In ihrer Neuinterpretation des „Gregorius“ von Hartmann von Aue stellt Anja Becker die These auf, das gesamte Werk sei in der Form eines disputativen Streitgesprächs gestaltet. Den Ausgangspunkt ihrer Argumentation stellt dabei der Dialog zwischen Gregorius und dem Abt dar, welchen sie als Schlüsselszene der Geschichte versteht. Ihre erklärte Absicht ist es, „mithilfe einer neuen Beschreibungssprache überhaupt wieder einen Zugang zu diesem toten Klassiker zu eröffnen“[1], ohne sich auf die im Zentrum vieler Interpretationen stehende Schuldfrage zu beschränken, in deren Beantwortung sich die Diskussion um das Werk häufig verläuft.

Charakteristika der Disputation

Die Disputatio in forma, die allgemein als Streitgespräch mit festgelegtem Ablauf und Regeln definiert werden kann, etablierte sich im 12. Jahrhundert nicht nur als Lehrmethode neben der Lectio an Universitäten, sondern prägte das gesamte intellektuelle Leben des Mittelalters. Vor allem die Ausführungen Aristoteles zu diesem Thema im 8.Buch seiner „Topik“ bilden die Grundlage für Beckers These.


Charakteristisch für ein dialektisches Streitgespräch ist demnach die Argumentation mit anerkannten Meinungen, die an Stelle der bloßen Belehrung tritt. Die Ausgangslage des Gesprächs bildet eine Entscheidungsfrage, die quaestio, welche der Leiter der Disputation, auch Präses genannt, stellt. In der Rolle des Respondenten bezieht nun ein Teilnehmer Stellung zu dem Problem, während sein Gegner, der als Opponent die entgegengesetzte Meinung vertritt, ihn zu widerlegen versucht.

Die rhetorischen und dialektischen Fähigkeiten der Gegner kommen, so Aristoteles, auf verschiedene Weisen zum Einsatz. Bei der von ihm empfohlenen deduktiven Methode sei es wichtig „die gegnerischen Prämissen erfassen, verschiedene Bedeutungen unterscheiden, Unterschiede und Ähnlichkeiten auffinden zu können.“[2] Als distinctio wird hierbei die Methode bezeichnet, ein Argument durch das Einführen von Unterscheidungen zu stärken oder zu schwächen. Ein weiteres Verfahren besteht darin, die eigentliche Absicht der eigenen Argumentation zu verschleiern oder zurückzuhalten. In der mittelalterlichen Logik wird dies als Krypsis bezeichnet. Auch das Einbringen von Selbsteinwänden sowie die Absicherung durch allgemeingültige Meinungen können sich laut Aristoteles in der Disputation als nützlich erweisen.

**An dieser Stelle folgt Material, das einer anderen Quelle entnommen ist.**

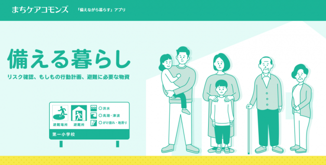 「まちケアコモンズ」は、平成30年7月豪雨の被災地支援をきっかけに作られた、防災に役立つオープンデータを活用した「備える暮らし」を提案するアプリ。

Nachdem das Duell beendet und ein Gewinner gefunden ist, fasst der Präses die vorgebrachten Argumente zusammen und bringt eine mögliche Lösung des Problems, die solutio, vor. Dieser Vorgang wird als determinatio bezeichnet. Ziel der Disputation ist schließlich die Feststellung der Wahrheit und die damit verbundene Wahl des Richtigen.

Disputativer Aufbau des ersten Abtgesprächs

Am Anfang des Gesprächs zwischen Gregorius und dem Abt steht, wie in Aristoteles Ausführungen zur disputatio in forma beschrieben, die quaestio: Ist Mönch die richtige Lebensform für Gregorius? Während Gregorius als Respondent die Frage verneint, vertritt der Abt in der Rolle des Opponenten die befürwortende Seite.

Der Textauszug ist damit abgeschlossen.